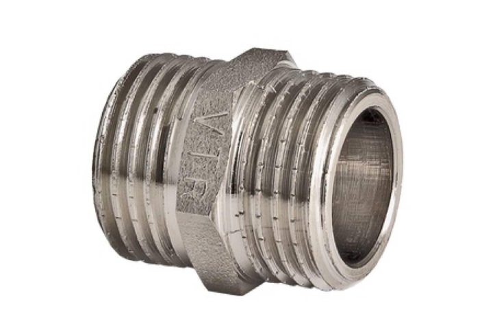 Ниппель с никелевым покрытием (наруж.-наруж.) — латунный фитинг, представляющий собой изделие с наружной резьбой на обоих концах, с помощью которых он соединяется с другими участками трубопровода равного диаметра, резьба цилиндрическая трубная по ГОСТу 6357-81. Предусмотрен участок корпуса шестигранной формы, под гаечный ключ. Фитинги рассчитаны на рабочее давление (PN) 2,5 и 4,0 МПа и температуру транспортируемых сред от -20 до +150 °С.
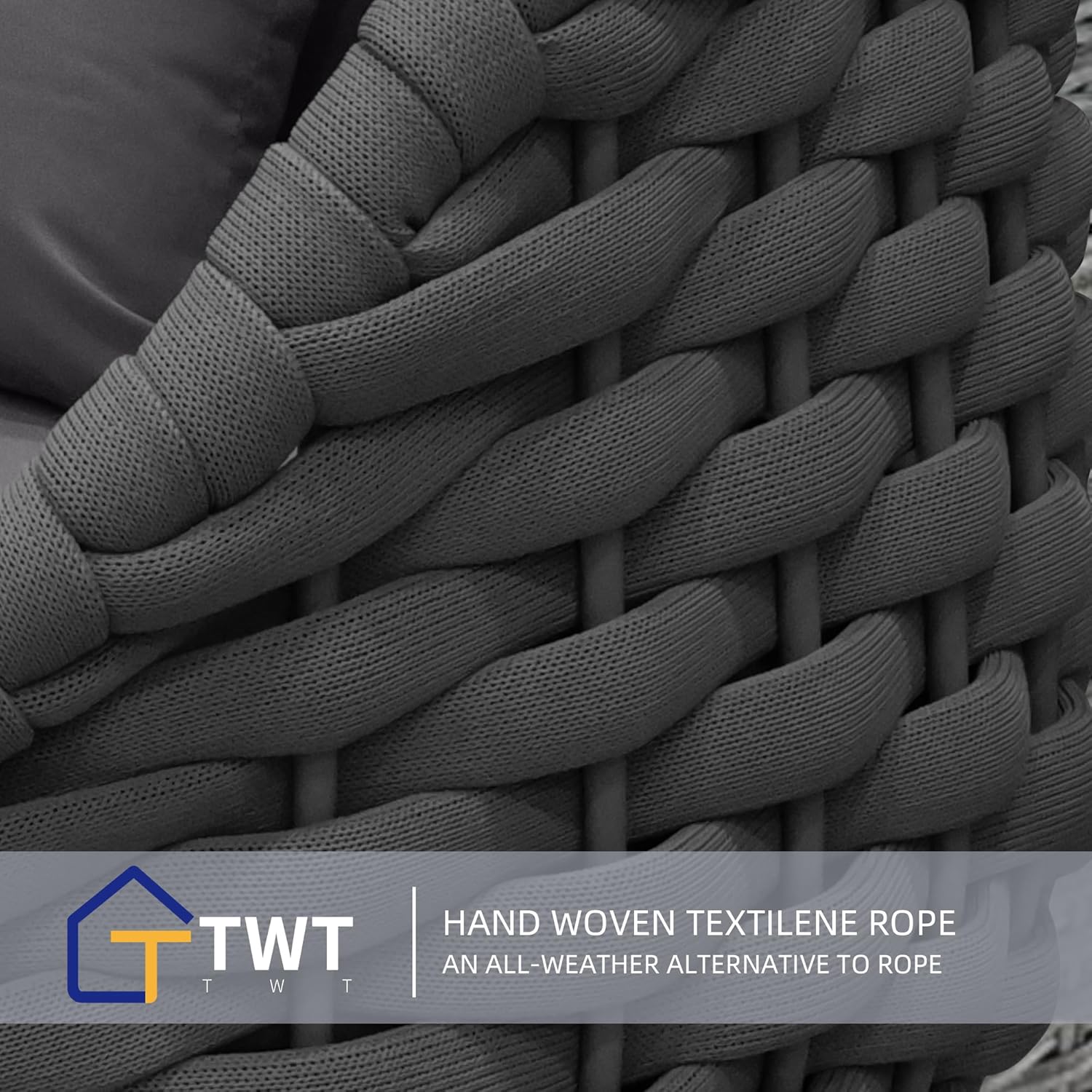 TWT Patio Furniture Sofa Set 4 Pieces Aluminum Outdoor Furniture w/27.8in Coffee Table,Patio Conversation Set with Hand Woven Textilene Rope for Backyard Garden Poolside,Dark Gray
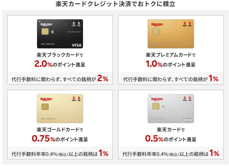楽天証券×楽天プレミアムカードでのクレカ積立ルートで1%還元ルートを目指しましょう。
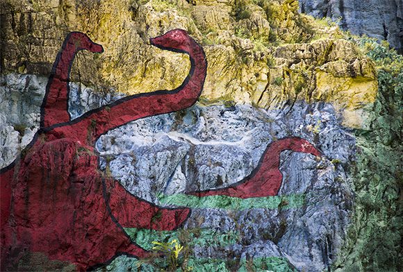 En la pintura se observa el proceso evolutivo del hombre y de los animales en la Sierra de los Órganos; pues enmarca a los indios guanahatabeyes, especies de mamíferos, animales gigantescos, y algunos moluscos. En el valle, varias cuevas alcanzan 300 metros de extensión, y por su interior corre un río subterráneo.
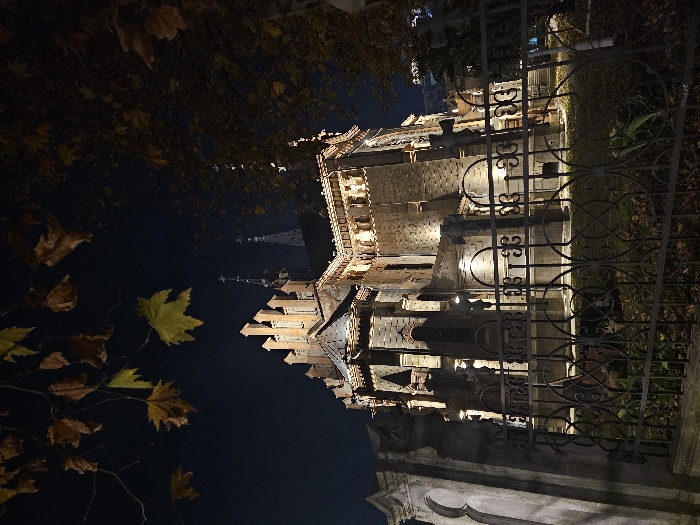 A dimly lit building with intricate stonework stands behind a dark, ornate iron fence. The structure features multiple spires and pointed gables, illuminated by warm light that highlights its architectural details. Leaves are visible in the foreground and above, suggesting autumn. The sky is dark, indicating it's nighttime.
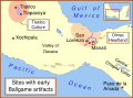 A map of the better known Mexican sites from the Formative Era, with a very general date of 600 BC (BCE). The yellow sites are known villages and towns. The smaller red dots mark locations where artifacts or art has been found without evidence of habitation.
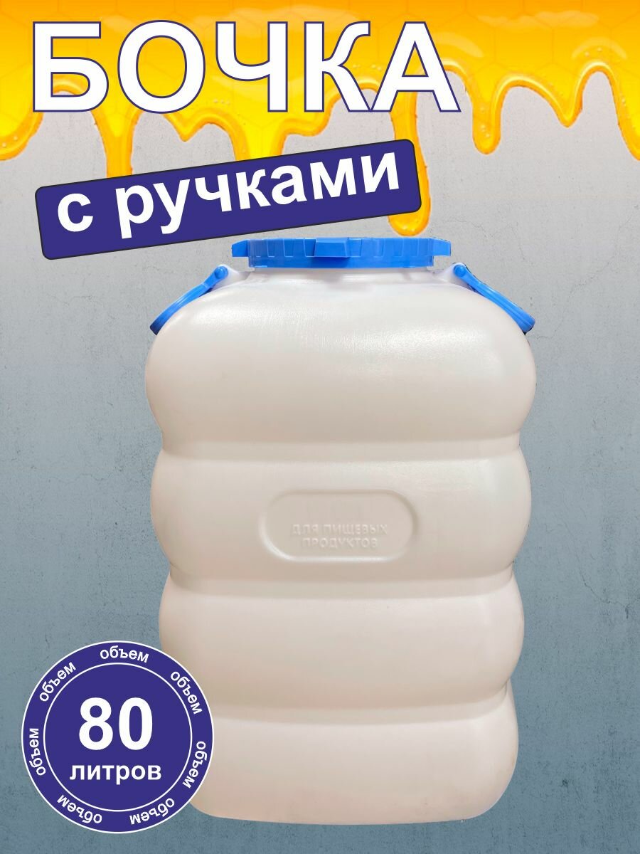 Бак пищевой пластиковый с крышкой и ручками, объем 80 литров информация:
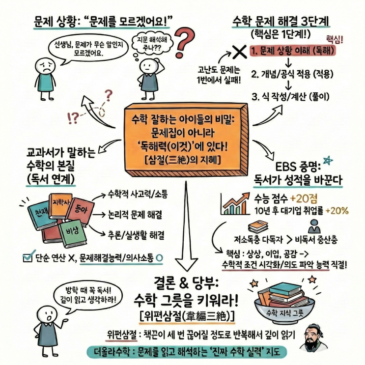 삼절(三絶) 안녕하세요. 마포 더올라수학 진혜원T입니다. 저는 수학을 가르칩니다. 하지만 수업 시간 아이들과 씨름하다 보면, 수학을 가르치는 것만큼 지문을 해석해주고 있습니다. 학생들이 문제를 풀며 많이 하는 질문은 "선생님, 무슨 말인지 모르겠어요." 제가 수업을 준비하면서도 드는 걱정은 '이 문제는 아이들이 무슨 말인지 모를 것 같다.' 고난도의 기준 칠판 한 가득 문제를 풀고난 후 아이들에게 다시 한 번 정리해줄 때면 문제를 읽고 식을 작성하고 나면 나머지는 계산입니다. 문제의 상황을 읽고 이해한다. (이해) 2. 필요한 개념과 공식을 적용한다. (적용) 3. 식을 작성하고 계산한다. (풀이) 수학을 어려....... <img src="https://blogthumb.pstatic.net/MjAyNjAxMTBfMzIg/MDAxNzY4MDUxMTAzMjEy.0TDaQrFxZgmvbQVYrXo1_8lylQ4psDXGC1K0AEwAtcYg.0LV_dATmpszBmkoycyiBSVL7di7XSYTfH5bxR9XML-Ug.PNG/260110_7%B9%F8.png?type=s3" />
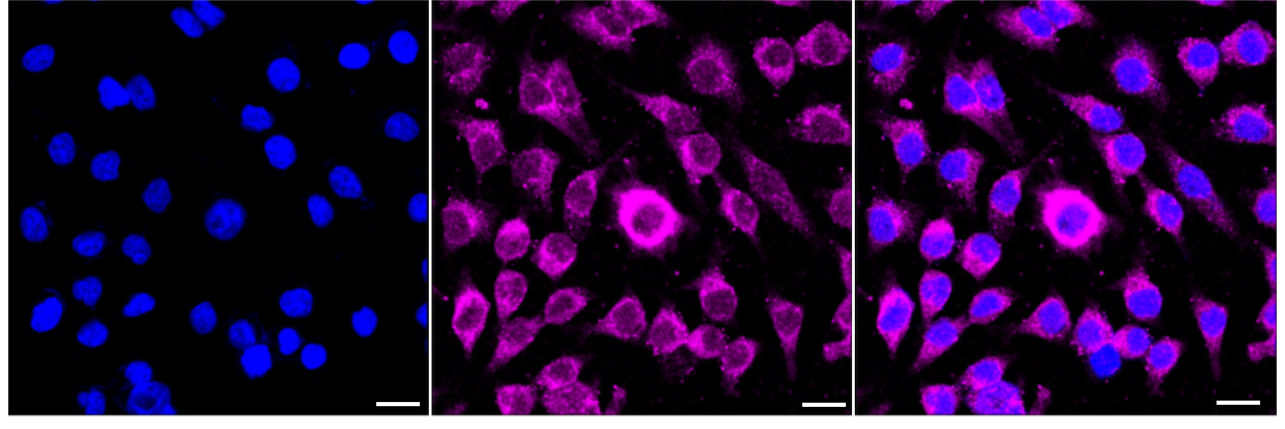 Immunocytochemical staining of HeLa cells with ROCK1 antibody. Nuclei were stained blue with DAPI; ROCK1 was stained magenta with Alexa Fluor? 647. Images were taken using Leica stellaris 5. Protein abundance based on laser Intensity and smart gain: Medium. Scale bar: 20 μm.
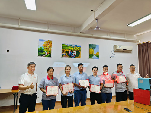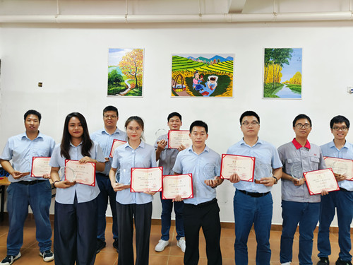 其次,由优秀班委代表——桂林3044永利曲轴有限公司质量科副科长邓钊平、优秀营员代表——桂林3044永利重工锻造有限公司技术科技术员谢羿吉,对整个学期中的学习收获与不足进行了总结发言。两位优秀代表讲到,在新锐营活动中不仅收获了各项专业的知识技能,也在各项活动中认识到团队合作的重要性,在今后的工作生活中将继续注重理论联系实际,把学到的知识技能应用锻炼在工作中,提高工作质量和效率。
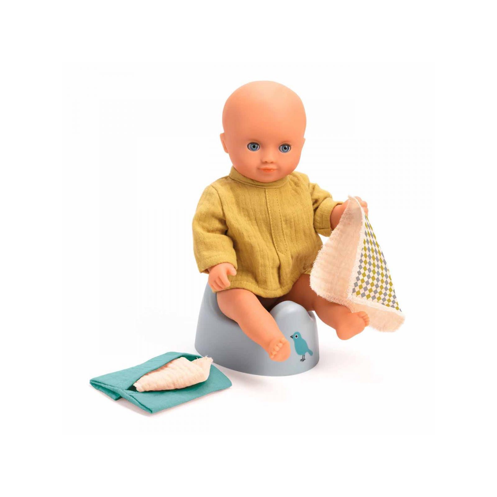 Un pot et un étui avec deux lingettes douces en tissu double gaze, des accessoires incontournables pour les premiers pas vers la propreté de sa poupée. Des accessoires de jeu adaptés aux poupées de 30 à 36 cm.

▬▬▬

§ **What is required**: Please print every record exactly as written, without the pictures.

§ **Output for this task**:
 Ниппель с никелевым покрытием (наруж.-наруж.) — латунный фитинг, представляющий собой изделие с наружной резьбой на обоих концах, с помощью которых он соединяется с другими участками трубопровода равного диаметра, резьба цилиндрическая трубная по ГОСТу 6357-81. Предусмотрен участок корпуса шестигранной формы, под гаечный ключ. Фитинги рассчитаны на рабочее давление (PN) 2,5 и 4,0 МПа и температуру транспортируемых сред от -20 до +150 °С.
 TWT Patio Furniture Sofa Set 4 Pieces Aluminum Outdoor Furniture w/27.8in Coffee Table,Patio Conversation Set with Hand Woven Textilene Rope for Backyard Garden Poolside,Dark Gray
楽天証券×楽天プレミアムカードでのクレカ積立ルートで1%還元ルートを目指しましょう。
 En la pintura se observa el proceso evolutivo del hombre y de los animales en la Sierra de los Órganos; pues enmarca a los indios guanahatabeyes, especies de mamíferos, animales gigantescos, y algunos moluscos. En el valle, varias cuevas alcanzan 300 metros de extensión, y por su interior corre un río subterráneo.
 A dimly lit building with intricate stonework stands behind a dark, ornate iron fence. The structure features multiple spires and pointed gables, illuminated by warm light that highlights its architectural details. Leaves are visible in the foreground and above, suggesting autumn. The sky is dark, indicating it's nighttime.
 A map of the better known Mexican sites from the Formative Era, with a very general date of 600 BC (BCE). The yellow sites are known villages and towns. The smaller red dots mark locations where artifacts or art has been found without evidence of habitation.
 Бак пищевой пластиковый с крышкой и ручками, объем 80 литров информация:
 삼절(三絶) 안녕하세요. 마포 더올라수학 진혜원T입니다. 저는 수학을 가르칩니다. 하지만 수업 시간 아이들과 씨름하다 보면, 수학을 가르치는 것만큼 지문을 해석해주고 있습니다. 학생들이 문제를 풀며 많이 하는 질문은 "선생님, 무슨 말인지 모르겠어요." 제가 수업을 준비하면서도 드는 걱정은 '이 문제는 아이들이 무슨 말인지 모를 것 같다.' 고난도의 기준 칠판 한 가득 문제를 풀고난 후 아이들에게 다시 한 번 정리해줄 때면 문제를 읽고 식을 작성하고 나면 나머지는 계산입니다. 문제의 상황을 읽고 이해한다. (이해) 2. 필요한 개념과 공식을 적용한다. (적용) 3. 식을 작성하고 계산한다. (풀이) 수학을 어려....... <img src="https://blogthumb.pstatic.net/MjAyNjAxMTBfMzIg/MDAxNzY4MDUxMTAzMjEy.0TDaQrFxZgmvbQVYrXo1_8lylQ4psDXGC1K0AEwAtcYg.0LV_dATmpszBmkoycyiBSVL7di7XSYTfH5bxR9XML-Ug.PNG/260110_7%B9%F8.png?type=s3" />
 Immunocytochemical staining of HeLa cells with ROCK1 antibody. Nuclei were stained blue with DAPI; ROCK1 was stained magenta with Alexa Fluor? 647. Images were taken using Leica stellaris 5. Protein abundance based on laser Intensity and smart gain: Medium. Scale bar: 20 μm.
 其次,由优秀班委代表——桂林3044永利曲轴有限公司质量科副科长邓钊平、优秀营员代表——桂林3044永利重工锻造有限公司技术科技术员谢羿吉,对整个学期中的学习收获与不足进行了总结发言。两位优秀代表讲到,在新锐营活动中不仅收获了各项专业的知识技能,也在各项活动中认识到团队合作的重要性,在今后的工作生活中将继续注重理论联系实际,把学到的知识技能应用锻炼在工作中,提高工作质量和效率。
 Un pot et un étui avec deux lingettes douces en tissu double gaze, des accessoires incontournables pour les premiers pas vers la propreté de sa poupée. Des accessoires de jeu adaptés aux poupées de 30 à 36 cm.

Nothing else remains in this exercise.